Been homeless over 6 years. My social services agency, high turnover. Being female , almost all my case managers have been female, standard practice.
Out of 17 case managers, only 2 have been male. Female cms: detailed, logical, responsive, solution oriented, clear effective communication. Male cms, the opposite.
I try to communicate clearly, effectively, which is easy cuz autism, and the 2 male cms, i get constant 2nd guessing, passive-aggressive defensiveness. Get impression they’re automatically assuming I don’t think clearly, don’t know what I’m saying. It’s weird, and I can’t figure out why.
I know not all men are the same. I’m not like all women. Have I just been unlucky with these 2 cms, or is there a gender aspect to this I’m not understanding? I’d like to learn.
It may be that the gender difference is magnifying any social/communication issues that are already there because of being ND. I know I’ve always found it harder to make myself feel understood by women compared to men, and I’m also autistic.
I’ve observed that both genders have different communication styles they expect to use, both with the same gender and with the opposite, and these are all the sort of dreaded unwritten social rules that we tend to struggle with as NDs. So a man tends to expect to conduct himself a different way with another man versus with a woman, and a woman expects to conduct herself a different way with other women than with men. The difference is subtle and mostly subconscious from what I can tell. Most people don’t realize they are doing it, but NDs are often paying attention to different things than what NTs are in terms of body language, word choice, social cues, etc., so we pick up on it more, even though we don’t always understand it.
Thank you.
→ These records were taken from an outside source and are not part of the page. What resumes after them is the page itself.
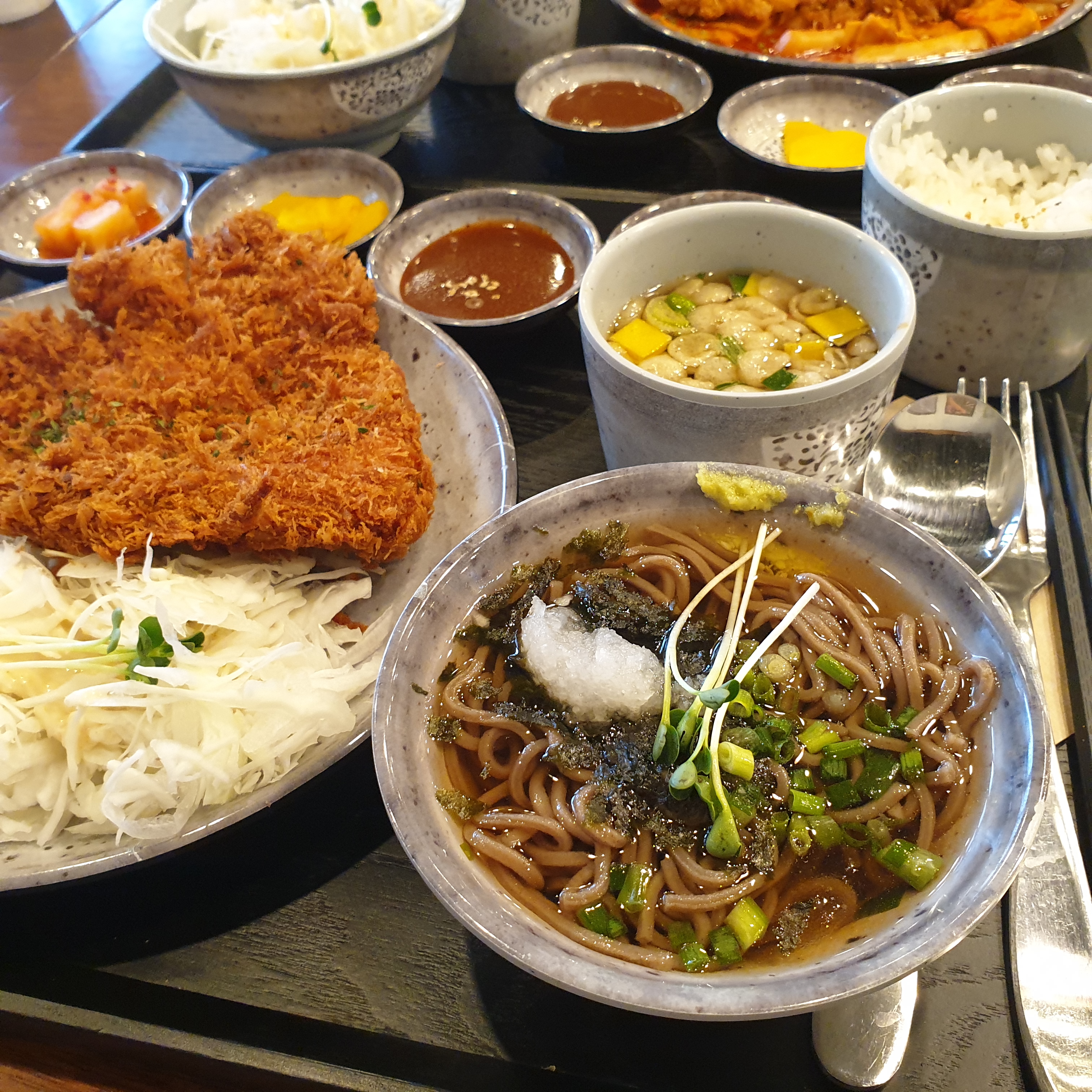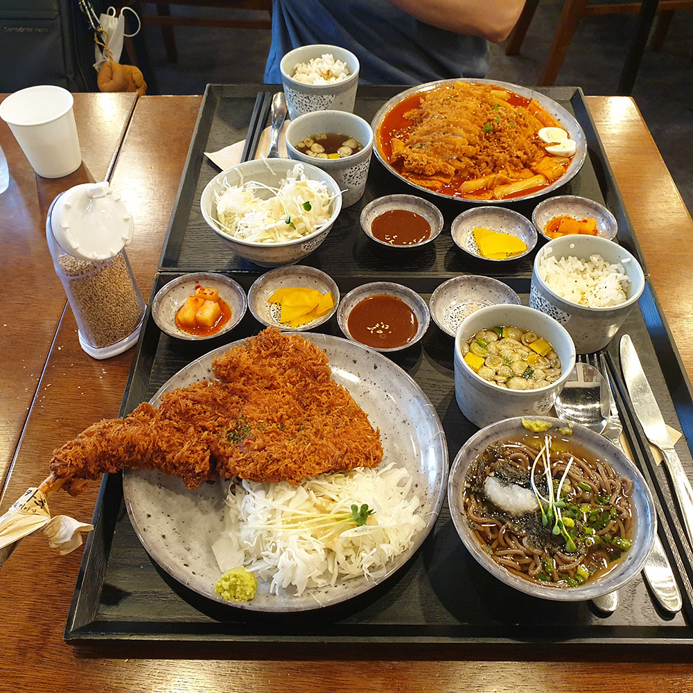 우리가 갔을 땐 치즈 카츠가 품절이라 아쉽게 시키지 못하고, 토마호크 카츠와 미니 소바, 떡볶이 위에 돈가스가 함께 나오는 떡볶카츠를 시켰다!
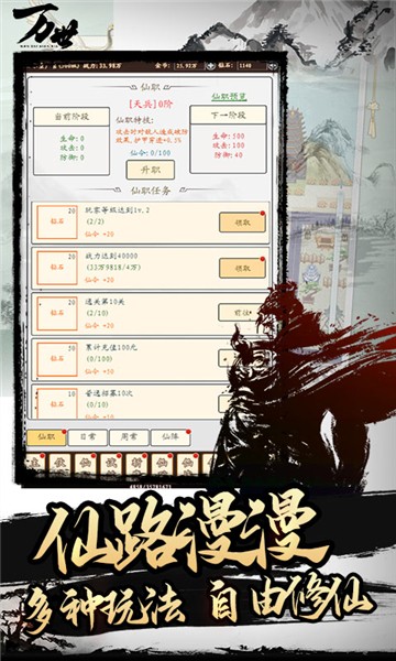 万世放置修仙是一款非常受欢迎的修仙游戏。这款游戏当中的每一关玩法都是非常精彩的,并且在这里面还可以挑战不同的模式,玩家可以选择单人挑战模式,也可以选择攻城模式,更好的帮助我们来达到修炼的效果,让玩家能够修仙成功。
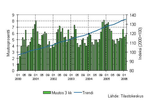 Majoitus- ja ravitsemistoiminnan liikevaihto kasvoi vuoden 2006 helmikuuhun päättyneellä kolmen kuukauden ajanjaksolla 5,5 prosenttia. Toimialan liikevaihdon kehitys on ollut erityisen suotuisaa viime vuoden kesästä lähtien.

As woman with autism, it’s weird. Women nts, some tend to unconsciously expect me to behave like a woman. They operate with stereotypes, assume women should be emotional, touchy feely, into romantic comedies, etc. So when I’m logical, to the point, talk about math, science, some can’t compute. And some guys, they expect me to behave as a stereotypical female, treat me as such. Then they realize I’m not, am logical, etc, and their demeanor changes, start treating me as one of the guys.
I’ve met compassionate, emotional men, and analytical nerdy women. Just, so weird, how gender becomes such a big deal for some.
I know it is not your intention, but many of your comments imply that neurotypical women are incapable of logic. Or that they somehow deserve to be treated as if they are incapable of logic while you deserve better.